* _Task item_: Make an exact transcript of the lines in the data below, starting with the one containing "Авиалайнер готовится к" and going on through the one containing "Kit架子鼓谱,你将能够轻松地敲打出这首YAMAHA的006 Funk Kit,快来尝试吧。", with both included and the pictures left out.

* _Supplied entries_:

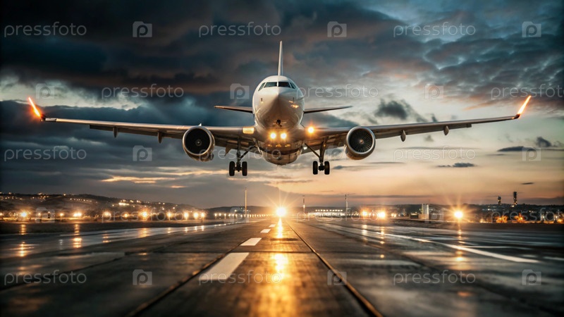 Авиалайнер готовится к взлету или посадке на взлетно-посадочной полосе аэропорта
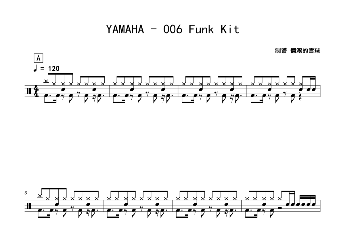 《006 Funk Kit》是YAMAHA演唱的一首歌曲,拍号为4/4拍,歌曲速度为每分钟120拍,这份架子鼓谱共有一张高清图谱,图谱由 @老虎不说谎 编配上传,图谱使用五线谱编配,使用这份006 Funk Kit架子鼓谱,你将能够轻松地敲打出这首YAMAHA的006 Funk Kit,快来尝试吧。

--

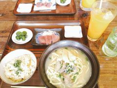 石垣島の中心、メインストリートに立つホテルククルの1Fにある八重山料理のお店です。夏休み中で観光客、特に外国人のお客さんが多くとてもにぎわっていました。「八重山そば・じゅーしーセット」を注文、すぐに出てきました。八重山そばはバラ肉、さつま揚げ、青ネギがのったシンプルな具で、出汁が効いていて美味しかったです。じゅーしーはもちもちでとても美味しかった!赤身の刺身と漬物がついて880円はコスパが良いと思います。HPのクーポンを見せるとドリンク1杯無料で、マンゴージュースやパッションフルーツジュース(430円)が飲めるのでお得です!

==

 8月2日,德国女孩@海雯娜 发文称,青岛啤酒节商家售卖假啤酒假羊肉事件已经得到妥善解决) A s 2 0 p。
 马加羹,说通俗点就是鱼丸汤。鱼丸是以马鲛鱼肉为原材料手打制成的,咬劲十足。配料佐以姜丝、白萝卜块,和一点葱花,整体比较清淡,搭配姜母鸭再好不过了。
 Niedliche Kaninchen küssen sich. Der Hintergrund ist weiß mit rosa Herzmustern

* _Finished task_:
 Авиалайнер готовится к взлету или посадке на взлетно-посадочной полосе аэропорта
 《006 Funk Kit》是YAMAHA演唱的一首歌曲,拍号为4/4拍,歌曲速度为每分钟120拍,这份架子鼓谱共有一张高清图谱,图谱由 @老虎不说谎 编配上传,图谱使用五线谱编配,使用这份006 Funk Kit架子鼓谱,你将能够轻松地敲打出这首YAMAHA的006 Funk Kit,快来尝试吧。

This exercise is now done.